• [Required work]:
When you reach the line that contains "Tento model lodiček", begin copying exactly, and continue through the last line of the data; no pictures belong in the copy.

#### Data extract

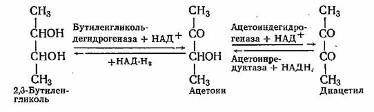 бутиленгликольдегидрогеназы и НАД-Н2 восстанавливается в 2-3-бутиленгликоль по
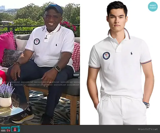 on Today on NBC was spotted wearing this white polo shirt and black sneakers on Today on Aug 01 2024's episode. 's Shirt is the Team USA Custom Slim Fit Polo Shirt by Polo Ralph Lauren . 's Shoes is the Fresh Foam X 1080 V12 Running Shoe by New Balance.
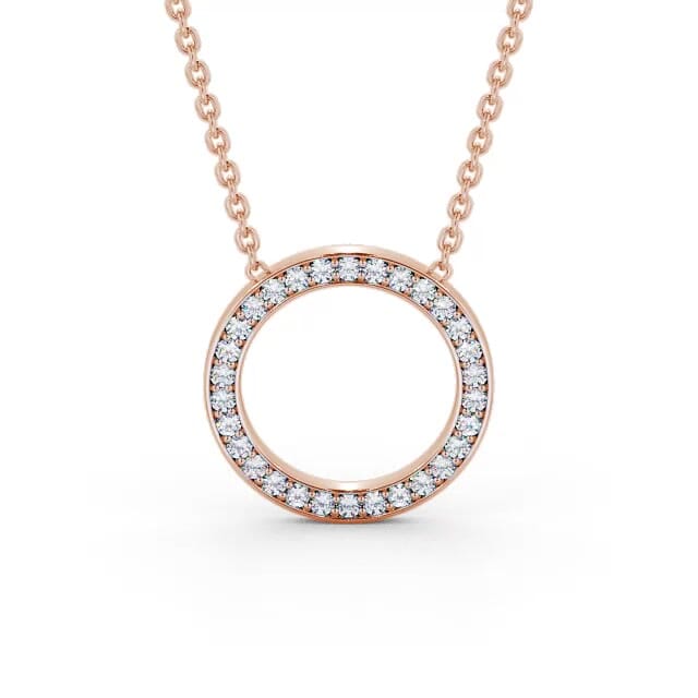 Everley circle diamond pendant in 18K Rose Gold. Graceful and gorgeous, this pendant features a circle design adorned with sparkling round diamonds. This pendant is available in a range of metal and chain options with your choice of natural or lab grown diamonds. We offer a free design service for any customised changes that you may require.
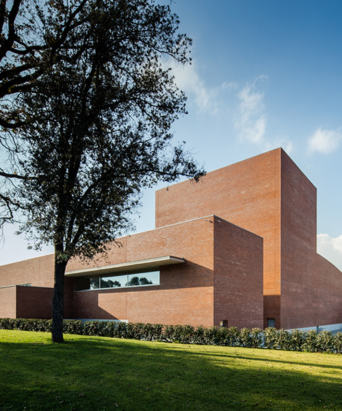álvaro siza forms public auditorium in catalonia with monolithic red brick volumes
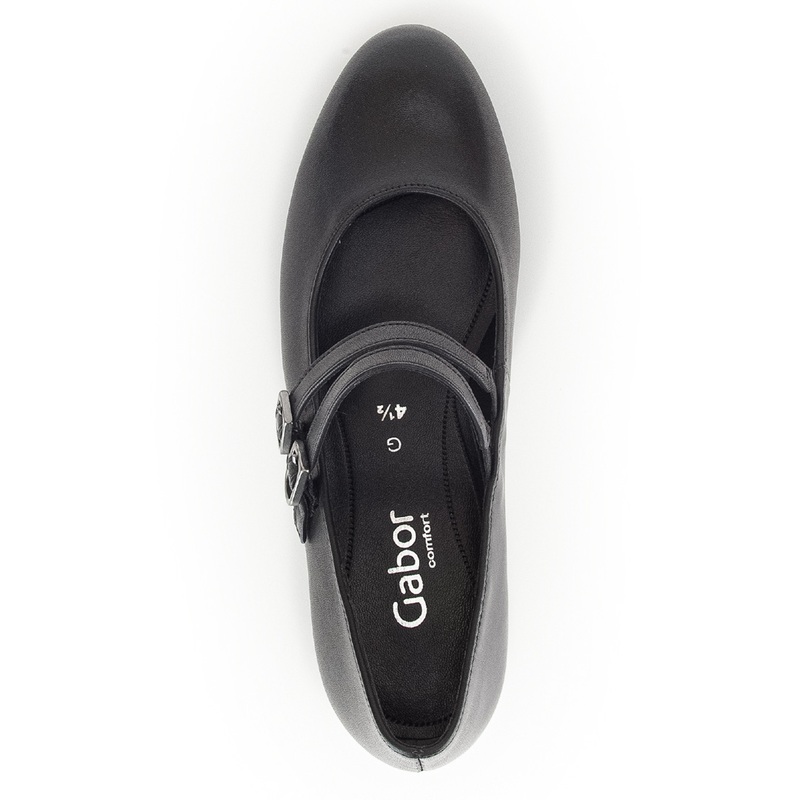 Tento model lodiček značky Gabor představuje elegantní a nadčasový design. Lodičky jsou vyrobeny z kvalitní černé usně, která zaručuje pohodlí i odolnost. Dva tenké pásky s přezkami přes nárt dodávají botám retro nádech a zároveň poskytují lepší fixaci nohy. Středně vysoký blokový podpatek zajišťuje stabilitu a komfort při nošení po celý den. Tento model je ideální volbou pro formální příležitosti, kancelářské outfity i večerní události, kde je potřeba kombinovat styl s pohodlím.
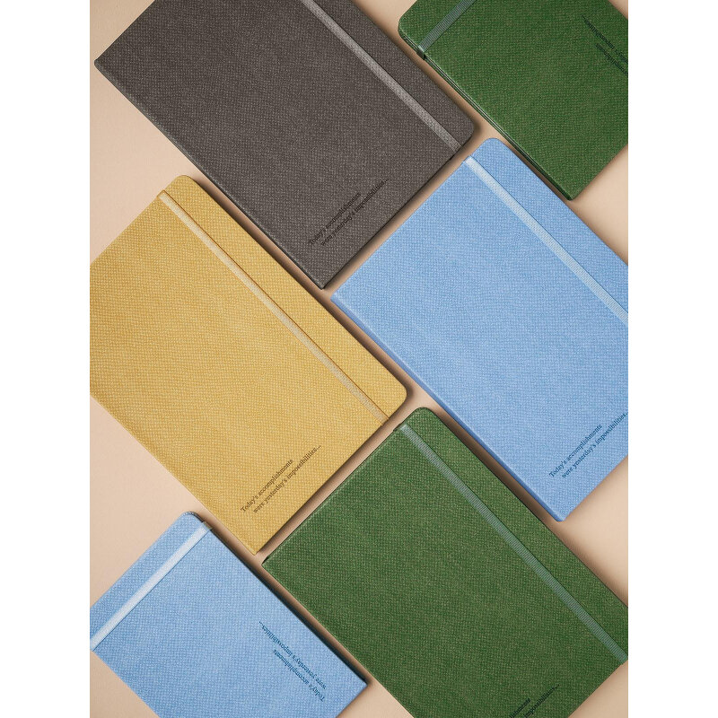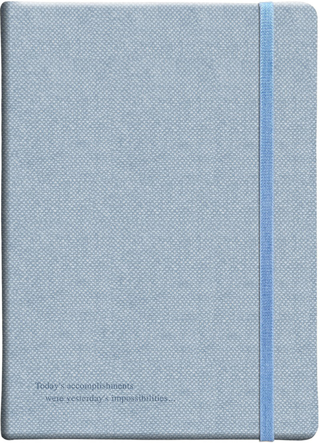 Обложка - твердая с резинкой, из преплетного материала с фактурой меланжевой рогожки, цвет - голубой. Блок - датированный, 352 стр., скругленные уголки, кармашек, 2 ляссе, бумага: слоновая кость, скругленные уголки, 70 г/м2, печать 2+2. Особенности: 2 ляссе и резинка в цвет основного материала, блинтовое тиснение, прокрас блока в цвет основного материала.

########

• [Expected output]:
 Tento model lodiček značky Gabor představuje elegantní a nadčasový design. Lodičky jsou vyrobeny z kvalitní černé usně, která zaručuje pohodlí i odolnost. Dva tenké pásky s přezkami přes nárt dodávají botám retro nádech a zároveň poskytují lepší fixaci nohy. Středně vysoký blokový podpatek zajišťuje stabilitu a komfort při nošení po celý den. Tento model je ideální volbou pro formální příležitosti, kancelářské outfity i večerní události, kde je potřeba kombinovat styl s pohodlím.
 Обложка - твердая с резинкой, из преплетного материала с фактурой меланжевой рогожки, цвет - голубой. Блок - датированный, 352 стр., скругленные уголки, кармашек, 2 ляссе, бумага: слоновая кость, скругленные уголки, 70 г/м2, печать 2+2. Особенности: 2 ляссе и резинка в цвет основного материала, блинтовое тиснение, прокрас блока в цвет основного материала.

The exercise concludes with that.